Une bananeraie infectée par le virus Bunchy Top du bananier.

Prévention et gestion de la maladie du Bunchy Top du bananier en Afrique centrale

En 2018, la FAO a publié un guide de prévention et gestion de la maladie du Bunchy Top du bananier qui est virulent en Afrique Centrale. Le virus représente une des plus graves menaces pour l’ensemble des cultures de bananes et plantains.

L’organisation des Nations unies pour l’alimentation et l’agriculture (FAO) a publié le guide « Prévention et gestion de la maladie du Bunchy Top du bananier en Afrique Centrale » en 2018.

La banane représente l’un des produits de base de l’alimentation des populations en Afrique centrale avec 35 pour cent d’apports en calories. La culture de la banane en Afrique centrale occupe plus de 50 pour cent de la population active rurale et contribue significativement au produit intérieur brut agricole des pays de cette sous-région. Elle joue donc un rôle très important dans la sécurité alimentaire des populations, dans la nutrition et contribue également à l’amélioration des revenus des petits producteurs.

Le développement de la banane est cependant entravé par un certain nombre de maladies, dont le flétrissement bactérien de la banane et la maladie du Bunchy Top du Bananier (BBTD), causée par un virus (Banana Bunchy Top Virus-BBTV) dont le vecteur est un puceron, Pentalonia nigronervosa.

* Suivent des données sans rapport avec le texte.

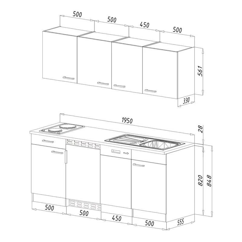 - Cuisine composée de 1 évier inox encastré avec vidage et trop-plein, 1 niche avec panneau décoratif pour lave-vaisselle 45 cm, 1 plan de travail (28 mm) sans découpe, 1 armoire basse avec tiroir 50 cm, 1 meuble sous évier 50 cm, 3 armoires suspendues 50 cm et 1 armoire suspendue 45 cm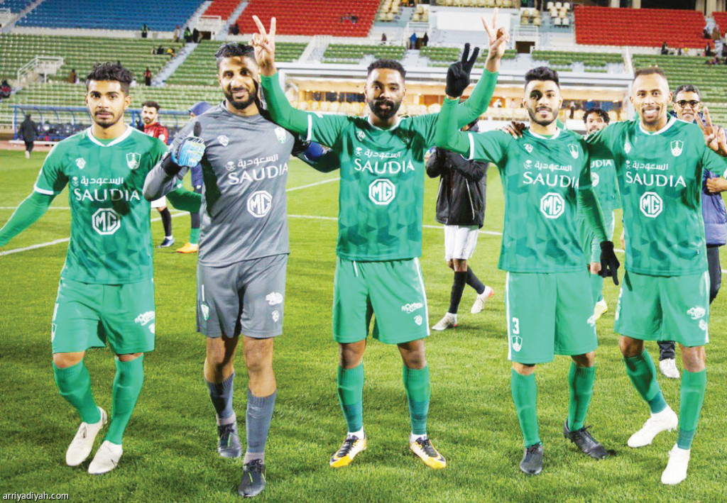 صورة التقطت، أمس، سعيد المولد ومحمد آل فتيل ومحمد خبراني وياسر المسيليم وحسين المقهوي لاعبو الأهلي يحييون الجماهير بعد نهاية المباراة (المركز الإعلامي ـ الدوري السعودي)
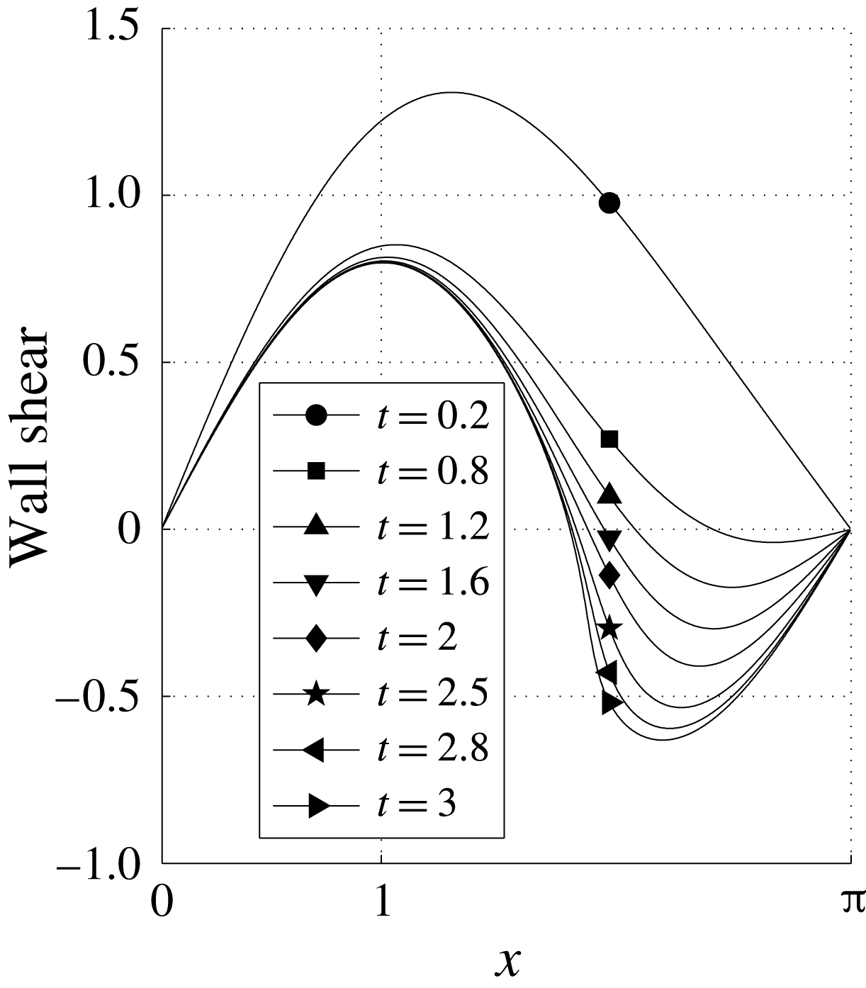 The results are then compared with figure 10 and table II of VDS. Figure 15 shows the wall shear stress for different time instants. It is in very good qualitative agreement with figure 10 of VDS, except maybe at very short times, which is to be expected given the singular initial condition. Additionally, our estimate for the quantity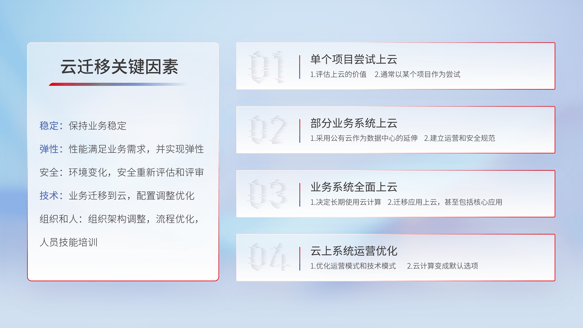 结合实际业务,,,从规划设计、、云平台选型、、云原生改造、、、、数据迁移、、、、集成交付,,,迁移全过程为客户识别最佳上云路径,,做好风险识别管理,,设计网络架构、、、身份权限、、、、安全审计合规、、、操作审计、、、日志审计、、监控告警策略、、、多站点容灾设计等,,,对云上基础设施进行整体规划,,,,提升IT治理水平,,,,以满足弹性、、高可用、、、、高性能的需求。。。。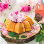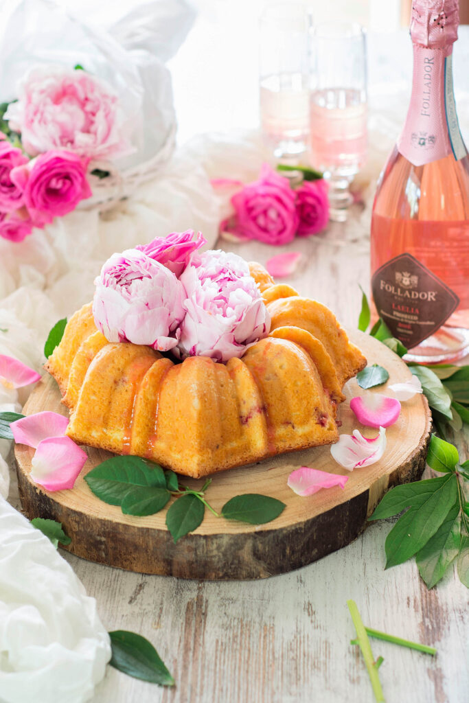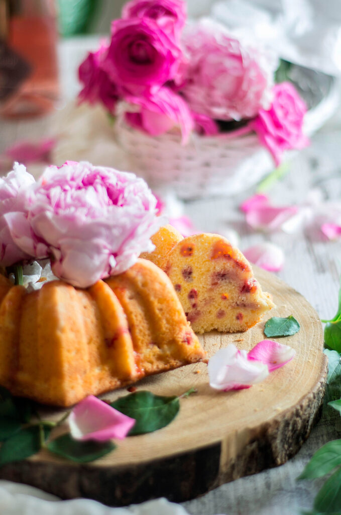 Al centro della composizione, la vera protagonista, è lei la bundt cake. Una ciambella soffice e profumata, con la giusta umidità che rende leggera e irresistibile la fetta, puntellata di pezzettini di fragola. Lo yogurt greco è l’ingrediente segreto che dona alla bundt cake la perfetta consistenza.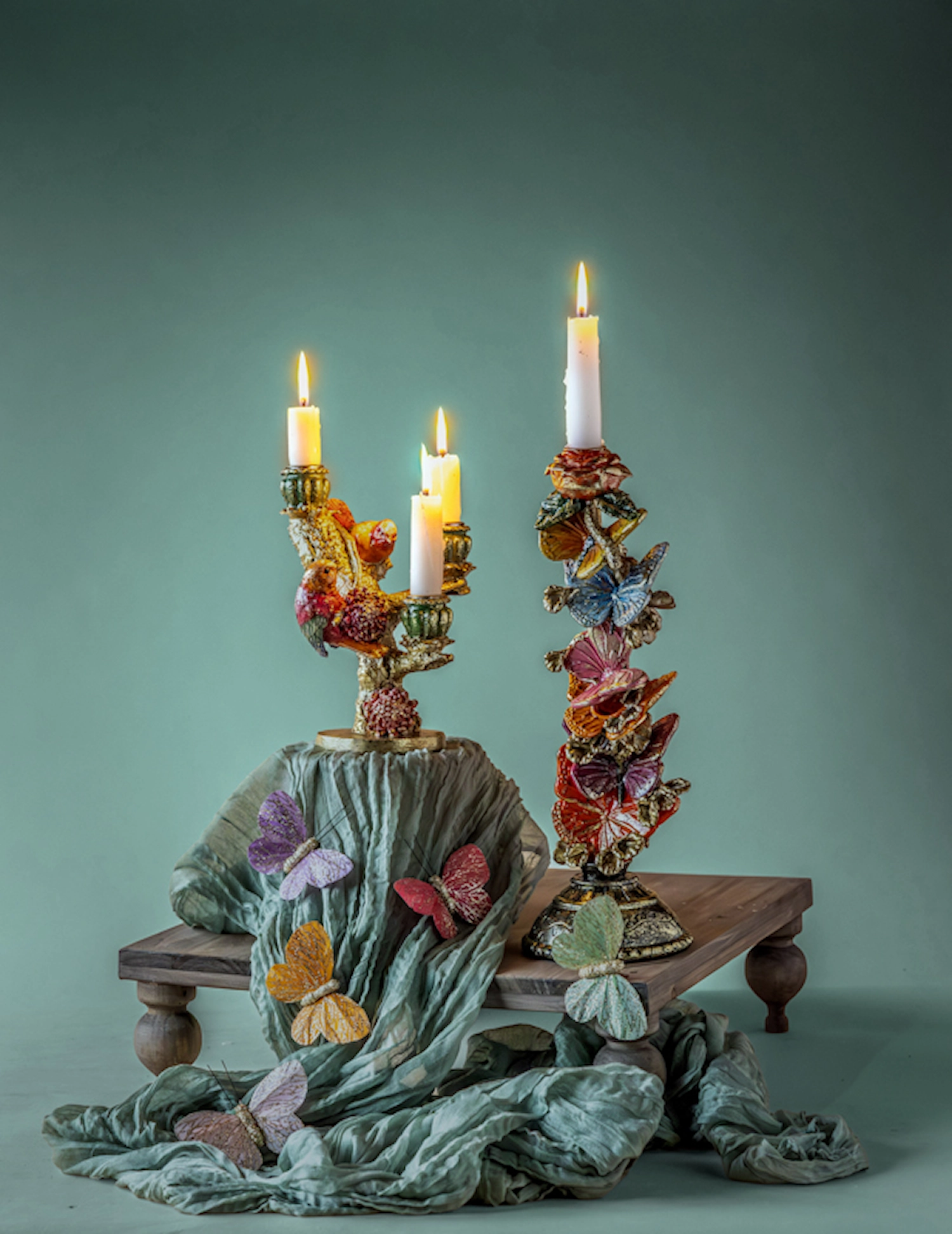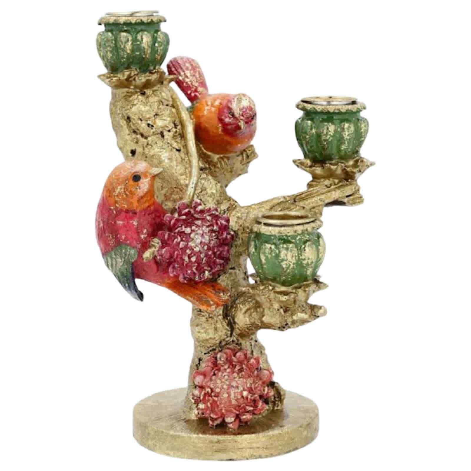 Dekorativ ljusstake. Denna trearmade ljusstake har en iögonfallande design som fångar essensen av ett tropiskt paradis. Ljusstaken är konstfullt utformad med en bas som liknar en robust trädstam, vilket ger en naturlig och organisk känsla. Två exotiska fåglar pryder ljusstaken. En av fåglarna är i en livfull röd och orange ton, vilket ger en känsla av värme och energi. Fåglarnas detaljerade fjäderdräkt och livfulla färger bidrar till en känsla av realism och skönhet. Runt om ljusstaken finns det frodiga blommor i en rik rosa nyans. Dessa blommor verkar nästan som om de spirar direkt från träet, vilket förstärker den naturliga, nästan magiska, känslan av designen. De tre ljushållarna är gröna och har en form som påminner om exotiska frukter eller knoppar. Dessa hållare är placerade på olika höjder, vilket ger en dynamisk och balanserad estetik. Ljusstaken har en gyllene finish som tillför en elegant och lyxig touch. Denna gyllene ton reflekterar ljuset vackert och ger en varm glöd till omgivningen. Denna ljusstake är perfekt som ett dekorativt inslag i hemmet, särskilt för dem som uppskattar en kombination av konst, natur och exotisk charm. Material: Poly. Storlek: 15x12x21cm

En 2015, la FAO a mis en place le projet « Appui à la prévention et la gestion de la maladie de Bunchy Top du Bananier au Cameroun, au Gabon et en Guinée Équatoriale. » Grâce aux analyses menées sur les échantillons collectés, il a été établi que le virus du BBTD est présent dans huit provinces sur neuf au Gabon et dans le sud du Cameroun. Il n’a pas été identifié en Guinée équatoriale. Le virus représente une des plus graves menaces pour l’ensemble des cultures de bananes et plantains. En effet, il est hautement contagieux sur courtes et longues distances, et très difficile à éradiquer. Ses effets sont ravageurs : les bananiers deviennent stériles ou produisent des fruits non comestibles. Or la culture de la banane fruit et du plantain est fondamentale en Afrique centrale tant au niveau économique qu’alimentaire.

Cependant, une sensibilisation continue des populations à la maladie et aux moyens d’y remédier, ainsi que la collaboration des services de douane et de quarantaine, sont fondamentales pour endiguer l’infection et permettre son éradication. La création de supports de communication et le partage d’informations entre parties prenantes permettront de lutter efficacement contre les progrès de cette maladie endémique, et de prévenir une catastrophe phytosanitaire et économique.